# PROBLEM:
Return only the lines from the top of the data down to the one that holds "Console in noce", both included, without any pictures.

# INFORMATION SHOWN:
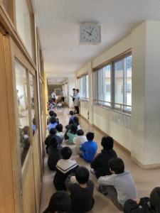 続いて津波警報を想定して3階への避難を行いました。子供たちは終始話をしっかり聞いて真剣に取り組むことができました。今回の訓練を通して、どこにいても地震発生時や津波警報発生時に落ち着いて行動できるように生かしてほしいと思います。
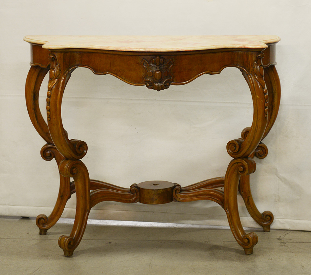 Console in noce Luigi Filippo con fascia, montanti e traverse sagomate intagliate a stemma e motivi vegetali. Piano in marmo rosa, Fine secolo XIX, piano di epoca posteriore (cm 116x93x53) (difetti)
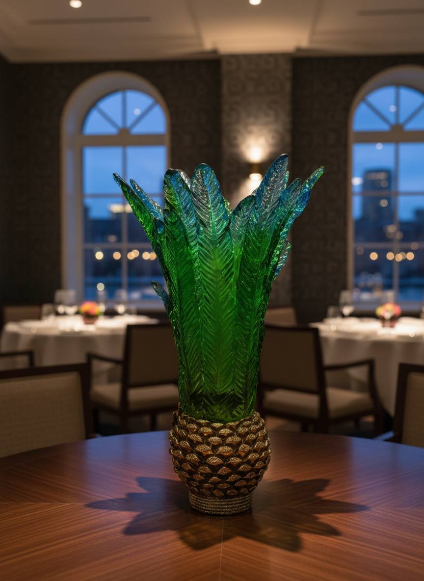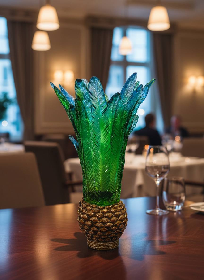 Ваза «Ананас» Daum, высота 30 см — декоративный арт‑объект из хрусталя, который сразу притягивает взгляд. Изящный цилиндрический «ствол» выполнен в виде высоких, вытянутых листьев с рельефной текстурой: переходы зелёного в бирюзово‑синие тона создают эффект перелива и глубины. Основание стилизовано под шишковатую кору ананаса — золотисто‑бронзовая фактура подчёркивает тропическую тему и придаёт изделию монументальный, но в то же время изящный вид.

# ANSWER TO THIS TASK:
 続いて津波警報を想定して3階への避難を行いました。子供たちは終始話をしっかり聞いて真剣に取り組むことができました。今回の訓練を通して、どこにいても地震発生時や津波警報発生時に落ち着いて行動できるように生かしてほしいと思います。
 Console in noce Luigi Filippo con fascia, montanti e traverse sagomate intagliate a stemma e motivi vegetali. Piano in marmo rosa, Fine secolo XIX, piano di epoca posteriore (cm 116x93x53) (difetti)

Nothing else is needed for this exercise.